> _INSTRUCTIONS TO FOLLOW_:
Retype, word for word, every line from the one holding "- 위 행렬 A가 특이행렬임을" through the one holding "卡瓦哈爾:你好,特巴斯先生。" in the entries below, both included, and only those lines.

━━ TASK INPUTS ━━

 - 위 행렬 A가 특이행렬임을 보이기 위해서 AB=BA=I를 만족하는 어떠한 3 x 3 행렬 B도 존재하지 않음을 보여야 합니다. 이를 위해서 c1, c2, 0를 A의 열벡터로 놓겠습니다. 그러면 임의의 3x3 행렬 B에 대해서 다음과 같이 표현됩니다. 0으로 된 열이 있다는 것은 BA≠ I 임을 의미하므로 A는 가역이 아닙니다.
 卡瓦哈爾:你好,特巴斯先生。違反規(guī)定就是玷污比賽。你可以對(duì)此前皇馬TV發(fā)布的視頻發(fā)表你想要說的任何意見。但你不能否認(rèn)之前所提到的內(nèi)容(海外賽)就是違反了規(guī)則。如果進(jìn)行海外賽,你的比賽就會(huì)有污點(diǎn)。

━━━
━━ TASK INPUTS ━━

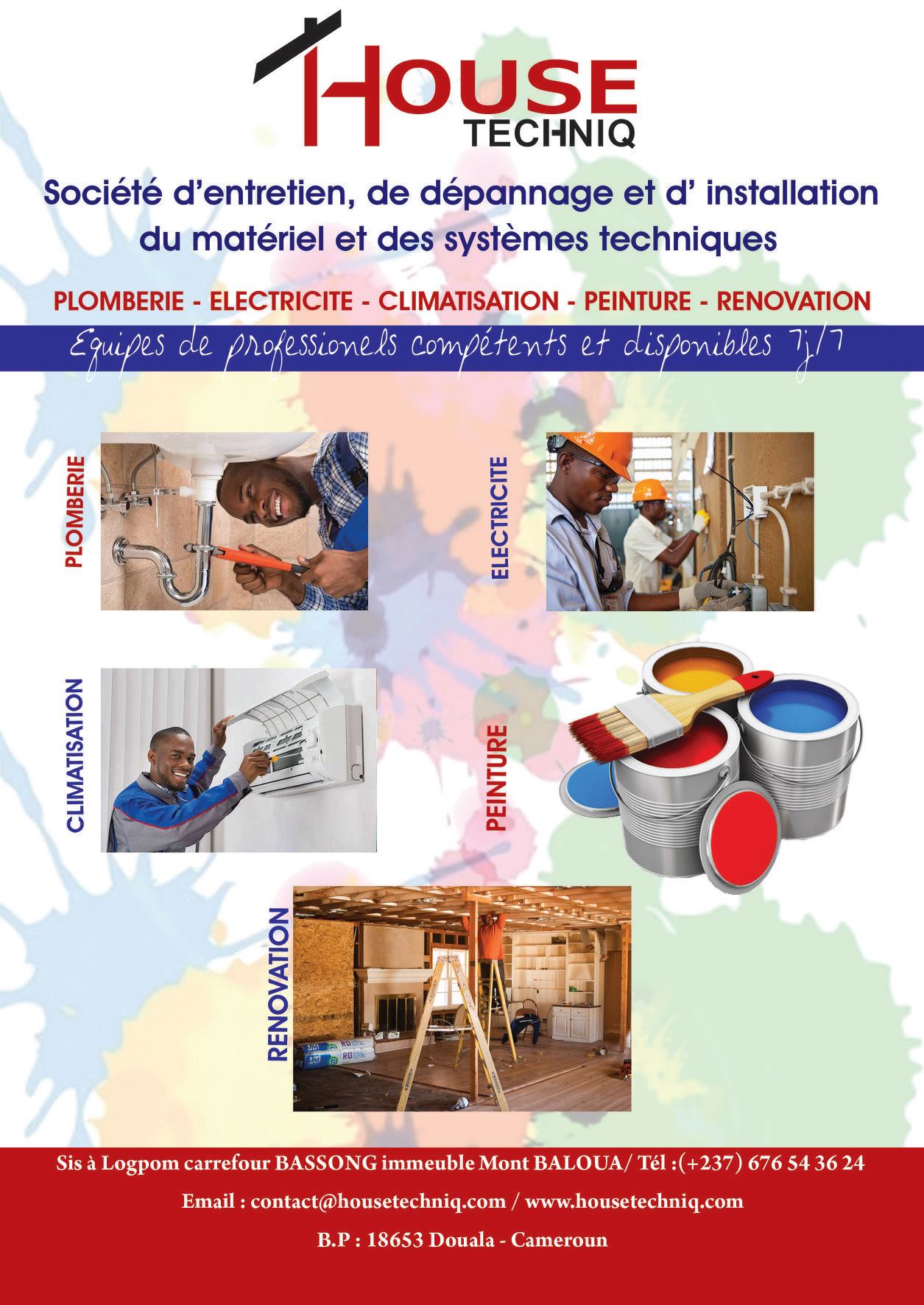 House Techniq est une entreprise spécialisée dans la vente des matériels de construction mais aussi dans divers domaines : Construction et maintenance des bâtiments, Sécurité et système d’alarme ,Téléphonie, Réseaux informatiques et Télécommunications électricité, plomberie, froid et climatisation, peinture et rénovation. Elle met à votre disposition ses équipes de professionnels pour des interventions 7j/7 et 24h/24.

━━━

> _EXERCISE RESULT_:
 - 위 행렬 A가 특이행렬임을 보이기 위해서 AB=BA=I를 만족하는 어떠한 3 x 3 행렬 B도 존재하지 않음을 보여야 합니다. 이를 위해서 c1, c2, 0를 A의 열벡터로 놓겠습니다. 그러면 임의의 3x3 행렬 B에 대해서 다음과 같이 표현됩니다. 0으로 된 열이 있다는 것은 BA≠ I 임을 의미하므로 A는 가역이 아닙니다.
 卡瓦哈爾:你好,特巴斯先生。違反規(guī)定就是玷污比賽。你可以對(duì)此前皇馬TV發(fā)布的視頻發(fā)表你想要說的任何意見。但你不能否認(rèn)之前所提到的內(nèi)容(海外賽)就是違反了規(guī)則。如果進(jìn)行海外賽,你的比賽就會(huì)有污點(diǎn)。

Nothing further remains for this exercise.